SHOP TOUR: INSIDE ATC ADDICTION

According to Webster’s Dictionary, an addiction is a compulsive need and habit-forming behavior or activity causing well-defined symptoms. Thankfully, for all the other ATC-addicted people in the country, Dave Wylie’s ATC Addiction shop operates so you can get your fix.

 

 

This is the room Wylie wants to turn into a reproduction of a 1980s showroom and eventually have it open to the public. He has enough machines to open the doors now. 

Recently, we stopped by the Wylie compound in Arizona to take the nickel tour and see what his company offers and what he just can’t let go of.

Now you know where to go to find that perfect seat you have been looking for.
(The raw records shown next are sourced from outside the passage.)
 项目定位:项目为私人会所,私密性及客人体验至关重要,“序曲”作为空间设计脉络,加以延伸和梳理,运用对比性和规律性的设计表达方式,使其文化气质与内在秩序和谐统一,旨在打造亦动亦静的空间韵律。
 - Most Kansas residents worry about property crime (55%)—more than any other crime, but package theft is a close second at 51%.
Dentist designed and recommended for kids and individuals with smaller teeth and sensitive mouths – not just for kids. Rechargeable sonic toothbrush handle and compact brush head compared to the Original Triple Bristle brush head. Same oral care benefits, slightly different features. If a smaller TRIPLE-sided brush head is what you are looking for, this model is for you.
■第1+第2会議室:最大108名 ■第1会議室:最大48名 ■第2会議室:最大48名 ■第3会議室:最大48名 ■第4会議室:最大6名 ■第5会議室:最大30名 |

There are a lot here in perfect shape.

 

The shop is not necessarily open to the public, but you can give him a call at (480) 241-1228 if you are looking to buy, or sell a rare part or a complete machine. He has over 100 machines at any given time that we completely drooled over. Some are complete showpieces, some need restoring, and some are parts bikes. If you need something, chances are he’s got it.

 

David competes in the WORCS, AZOP and Best in the Desert series. For some events, he likes his trusty old 350X; in others, he will ride an ATC 250R, and in some, he will ride one of his modern machines.

INCREDIBLE COLLECTION

Some of his rare three-wheelers include Steve Mendenhall’s Kawasaki Tecate 3 racer, and a couple of Doug Roll’s Baja-winning ATC 250Rs. A prize possession includes a TRX200X four-wheeler that Dave says the Honda factory built out of the discontinued ATC200Xs back in 1987 and were only sold in South America.
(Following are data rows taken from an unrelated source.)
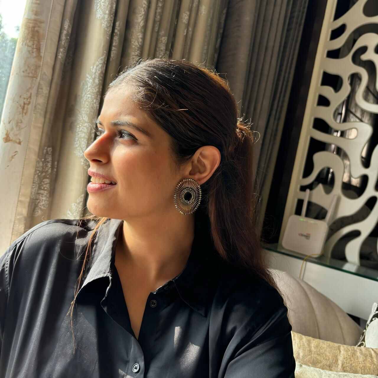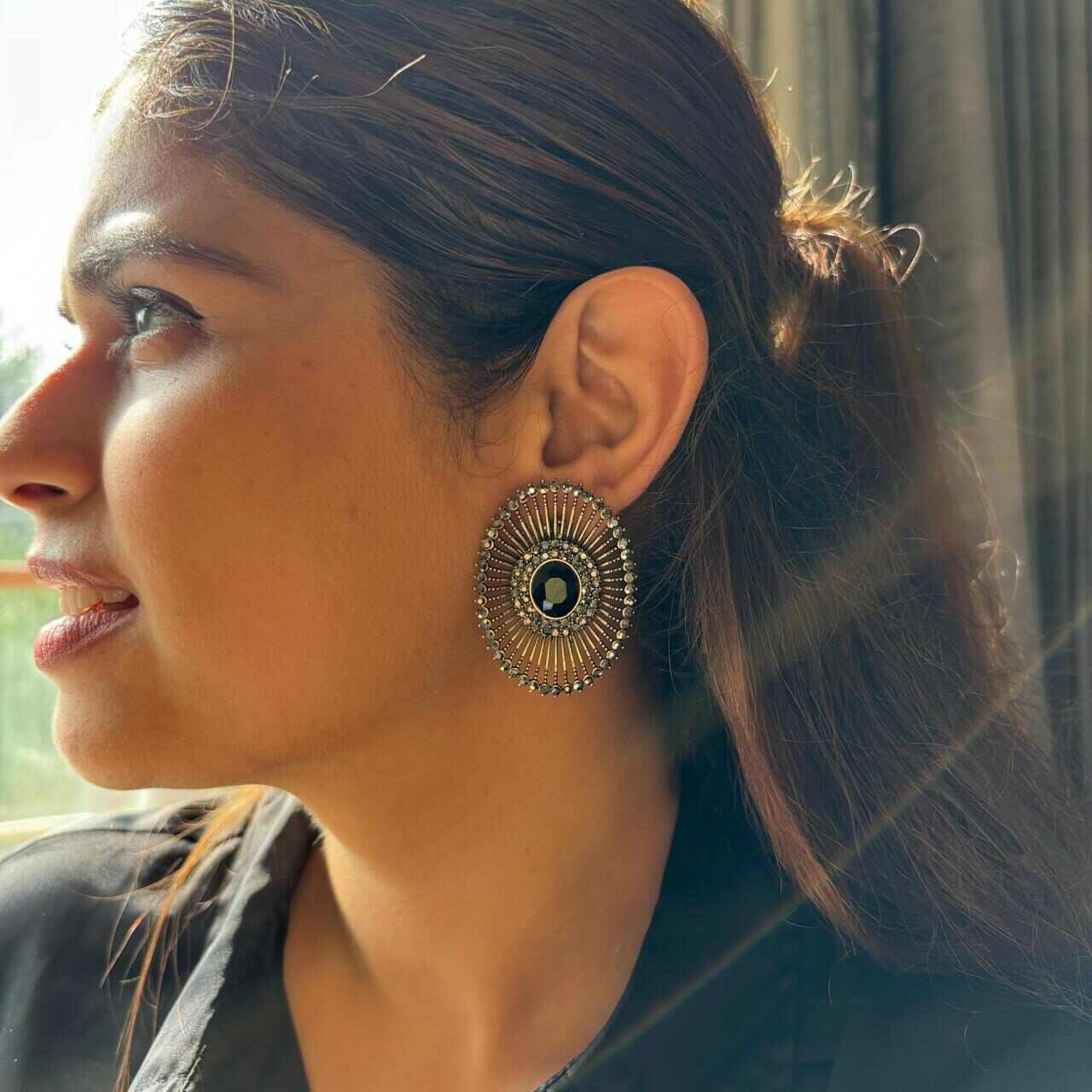 - Trending Design: These earrings capture the essence of modern trends while honoring the timeless beauty of oxidised jewelry. The black stone centerpiece adds a striking contrast, creating a captivating accessory that’s perfect for any occasion.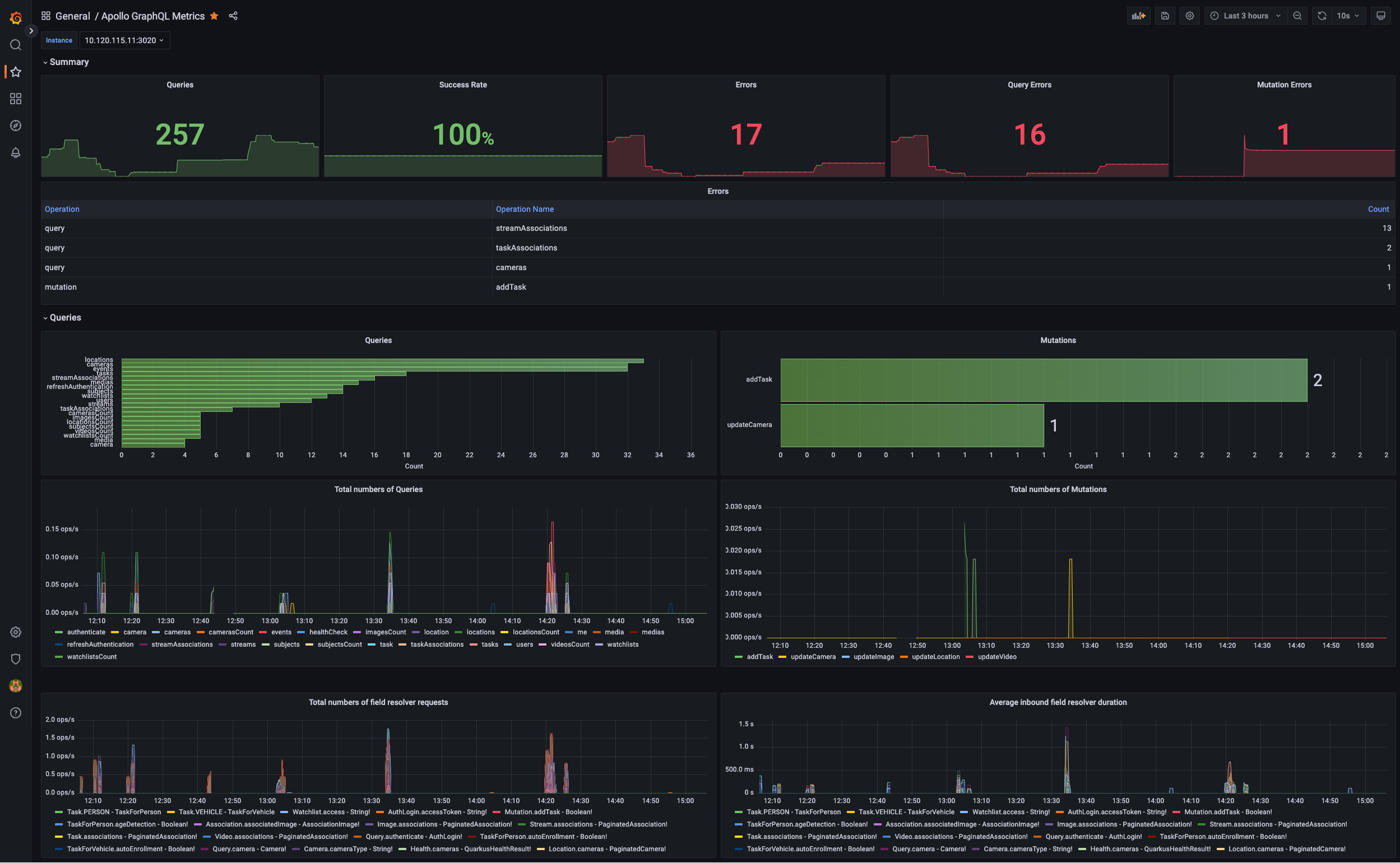 Apollo GraphQL metrics. Mutations/errors/operations.
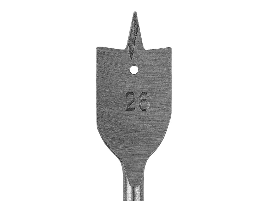 Čepeľový vrták do dreva. Priemer 26 mm. Dĺžka 152 mm. Stopka HEX. Maximálne otáčky 1750 ot/min. Použitie: drevo, preglejka.

David not only collects and sells three-wheeler parts and memorabilia, but he also races trikes, too. You can see him competing on a variety of new and old builds in WORCS, AZOP or in the Best in the Desert series teamed up with another ATC enthusiast, David Ham.

No matter if you are looking for a stock or modified part, chances are ATC Addiction has what you need. If they don’t, they will help you find it. 

Many Honda ATC70s and Yamaha Tri-Zinger 50s were turned into coin-operated rides that you might find out in front of a grocery store. It was mom’s ammo with the kids. She could tell them to be good in the store and they can take a ride on the way out.

DEVELOPING PARTS

Over the years Wylie has worked with different companies to develop parts that are nearly impossible to get on the used market. To start off, he partnered with a graphics company to do decal reproductions for most ATCs. He has also worked with Maier Mfg. to make his own line of plastic products, like disc brake guards and number plates in a variety of colors. He is now working with Zipper tire to make and sell period-correct rubber.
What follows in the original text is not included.